The Company has not adopted any new accounting policies, nor does it expect to adopt any new accounting policies subsequent to June 30, 2020, including changes to be made voluntarily or those due to a change in an accounting standard or a new accounting standard that the Company does not have to adopt until a future date; save and except the Company adopted IFRS 16, Leases as of July 1, 2019 (which change did not have any impact on the Company’s consolidated financial statements as the Company has no leases).
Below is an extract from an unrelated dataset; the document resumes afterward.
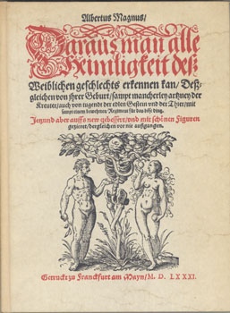 Albertus Magnus: Daraus man alle heimligkeit erkennen kan/ Deßgleichen von ihrer Geburt/ sampt mancherley artzney der Kreuter/ auch von tugendt der edelen Gestein und der Thier/ mit sampt einem bewehrten Regiment für das böse ding. Jetzund aber auffs new gebessert/ und mit schönen Figuren gezieret/ dergleichen vor nie außgangen. S. Fischer Verlag, Frankfurt/M 1977. 151 S., 2 Bl.OPp. (illustr. Pergamentpapierüberzug).

For a discussion of financial instruments, and the risks associated therewith, see Note 7 to the Company’s audited annual consolidated financial statements for the year ended June 30, 2020. The Company’s financial assets consist of cash, whereas the Company’s financial liabilities consist of accounts payable and accrued liabilities and due to related parties. It is management’s opinion that the Company is not exposed to significant interest, currency or credit risks arising from these financial instruments. The fair value of these instruments approximates their carrying value due to the short-term nature of their maturity.
As at the date of this MD&A, the Company had 14,975,636 common shares issued and outstanding; and 14,280,000 warrants exercisable at $0.125 per share until April 22, 2025. There were no other securities outstanding in the capital of the Company as of June 30, 2020 or the date of this MD&A.
In March 2020, the World Health Organization declared coronavirus COVID-19 a global pandemic. This contagious disease outbreak and any related adverse public health developments may adversely affect workforces, economies, and financial markets globally, potentially leading to an economic downturn. It is not possible for the Company to predict the duration or magnitude of the adverse results of the outbreak and its effects on the Company’s business or results of operations at this time.